I've currently removed ATTRIBUTE_CHANGED_VALUE type because it was creating a lot of noise in the output.
Example:
{'kind': <BreakageKind.ATTRIBUTE_CHANGED_VALUE: 'Attribute value was changed'>, 'object_path': 'pyiceberg.catalog.hive.DEFAULT_PROPERTIES', 'old_value': ExprDict(keys=["'write.parquet.compression-codec'"], values=["'zstd'"]), 'new_value': ExprDict(keys=[ExprAttribute(values=[ExprName(name='TableProperties', parent=Module(PosixPath('/tmp/griffe-worktree-iceberg-python-HEAD-v_k3_7xc/griffe_HEAD/pyiceberg/catalog/hive.py'))), ExprName(name='PARQUET_COMPRESSION', parent=ExprName(name='TableProperties', parent=Module(PosixPath('/tmp/griffe-worktree-iceberg-python-HEAD-v_k3_7xc/griffe_HEAD/pyiceberg/catalog/hive.py'))))])], values=[ExprAttribute(values=[ExprName(name='TableProperties', parent=Module(PosixPath('/tmp/griffe-worktree-iceberg-python-HEAD-v_k3_7xc/griffe_HEAD/pyiceberg/catalog/hive.py'))), ExprName(name='PARQUET_COMPRESSION_DEFAULT', parent=ExprName(name='TableProperties', parent=Module(PosixPath('/tmp/griffe-worktree-iceberg-python-HEAD-v_k3_7xc/griffe_HEAD/pyiceberg/catalog/hive.py'))))])])}
| Breakage Kind | Description | Ignore | Rationale |
|---|---|---|---|
| PARAMETER_MOVED | Positional parameter was moved | ||
| PARAMETER_REMOVED | Parameter was removed | ||
| PARAMETER_CHANGED_KIND | Parameter kind was changed | ||
| PARAMETER_CHANGED_DEFAULT | Parameter default was changed | ||
| PARAMETER_CHANGED_REQUIRED | Parameter is now required | ||
| PARAMETER_ADDED_REQUIRED | Parameter was added as required | ||
| RETURN_CHANGED_TYPE | Return types are incompatible | ||
| OBJECT_REMOVED | Public object was removed | ||
| OBJECT_CHANGED_KIND | Public object points to a different kind of object | ||
| ATTRIBUTE_CHANGED_TYPE | Attribute types are incompatible | ||
| ATTRIBUTE_CHANGED_VALUE | Attribute value was changed | Too noisy, and in most cases not a serious breaking change (like changing a constant value for Table Property) | |
| CLASS_REMOVED_BASE | Base class was removed |
Thanks for setting this up @syun64. This looks great. I think we can just give it a try after the 0.6.0 release and see how noisy it is.

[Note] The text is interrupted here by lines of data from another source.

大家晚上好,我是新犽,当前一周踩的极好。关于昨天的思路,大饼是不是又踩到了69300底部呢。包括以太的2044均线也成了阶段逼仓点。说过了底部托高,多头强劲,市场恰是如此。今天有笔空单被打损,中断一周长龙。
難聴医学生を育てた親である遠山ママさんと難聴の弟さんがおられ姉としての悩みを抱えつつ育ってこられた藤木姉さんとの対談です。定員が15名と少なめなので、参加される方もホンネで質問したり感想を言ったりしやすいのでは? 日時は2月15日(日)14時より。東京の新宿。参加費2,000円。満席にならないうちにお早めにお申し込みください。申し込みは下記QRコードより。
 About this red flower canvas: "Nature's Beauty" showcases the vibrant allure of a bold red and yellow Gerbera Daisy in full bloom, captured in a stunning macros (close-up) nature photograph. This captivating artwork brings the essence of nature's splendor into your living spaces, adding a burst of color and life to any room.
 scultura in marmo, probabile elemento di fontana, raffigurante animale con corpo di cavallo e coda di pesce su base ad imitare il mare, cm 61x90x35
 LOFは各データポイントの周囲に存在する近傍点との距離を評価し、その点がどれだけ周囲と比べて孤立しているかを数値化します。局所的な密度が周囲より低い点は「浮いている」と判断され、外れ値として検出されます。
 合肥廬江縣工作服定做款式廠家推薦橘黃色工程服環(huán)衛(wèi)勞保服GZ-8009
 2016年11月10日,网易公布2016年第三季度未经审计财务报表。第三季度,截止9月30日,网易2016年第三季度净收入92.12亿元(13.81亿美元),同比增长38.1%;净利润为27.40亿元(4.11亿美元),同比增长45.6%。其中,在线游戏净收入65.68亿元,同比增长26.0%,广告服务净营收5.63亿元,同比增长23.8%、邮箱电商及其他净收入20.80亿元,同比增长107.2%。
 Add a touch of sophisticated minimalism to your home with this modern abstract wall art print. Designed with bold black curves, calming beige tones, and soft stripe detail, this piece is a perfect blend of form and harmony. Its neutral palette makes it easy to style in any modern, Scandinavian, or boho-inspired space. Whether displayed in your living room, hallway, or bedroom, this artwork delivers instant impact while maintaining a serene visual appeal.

@syun64 I was on a merging spree, can you rebase once more? 😓
Looks like we broke something already 😸 Can we make a list to allow breaking changes? Similar to https://github.com/apache/parquet-mr/blob/d8396086b3e3fefc6829f8640917c3bbde0fa9c4/pom.xml#L581-L606
Looks like we broke something already 😸 Can we make a list to allow breaking changes? Similar to https://github.com/apache/parquet-mr/blob/d8396086b3e3fefc6829f8640917c3bbde0fa9c4/pom.xml#L581-L606
Sure! Thank you for the suggestion. I took a stab at implementing this with a YAML file - let me know what you think!
Hey @syun64 Thanks for adding the yaml, that looks neat. What's your gist of Griffe? It looks like there are already some false positives.
Hey @syun64 Thanks for adding the yaml, that looks neat. What's your gist of Griffe? It looks like there are already some false positives.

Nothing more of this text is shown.